Direkt aus der Homebase The Vault in San Francisco berichten Adolf Stocker und Tobias Houweling.

Das Thema des Tages lautete: „Startups are the tip of the spear of disruption!” Startups… sehr bezeichnend für San Francisco. Unser Interesse war also geweckt und somit starteten wir in den dritten Tag unserer Studienreise in San Francisco.

Disco

Zum Einstieg diskutierten wir mit Jeremy Vandehey, dem CEO von Disco, den Faktor Motivation, der absolut entscheidend ist, wenn es darum geht, Mitarbeiter längerfristig in der Firma zu halten. Dabei ist es kein Geheimnis, was Jeremy schon früh erkannte: Fehlende Wertschätzung wird oftmals als Hauptgrund genannt, warum Mitarbeiter ihre Motivation verlieren, ihre Zelte abbrechen und ihr Glück anderswo suchen.

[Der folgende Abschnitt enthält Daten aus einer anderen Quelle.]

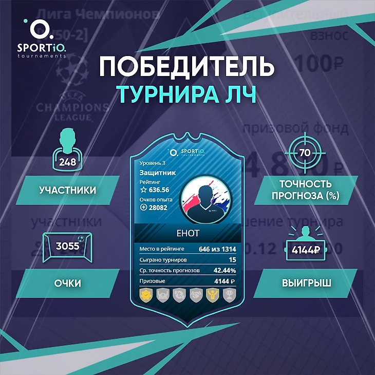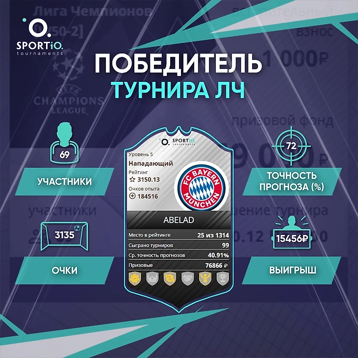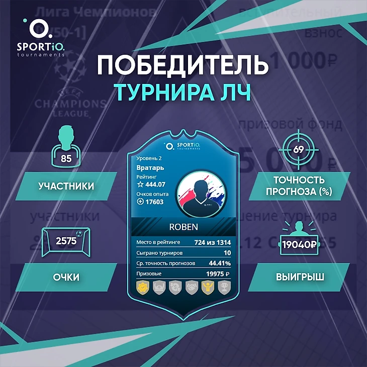 Победителями турниров ЛЧ со взносом 1000₽ стали: abelad (выигрыш: 15456₽) и RoBeN (выигрыш: 19040₽).

Jeremy startete mit einer sehr persönlichen Geschichte: Aufgewachsen auf dem Land, verlor er seinen Vater früh. Sein Vater hat gab ihm jedoch eine wertvolle Lektion mit auf seinen Weg: Was auch immer du tun willst in deinem Leben, stelle sicher, dass es etwas ist, dass dich erfüllt und dir Spass macht. Diesen Grundsatz hat Jeremy seither befolgt und mit der Gründung von Disco fand er seine bisher grösste Passion, nämlich Employee Engagement.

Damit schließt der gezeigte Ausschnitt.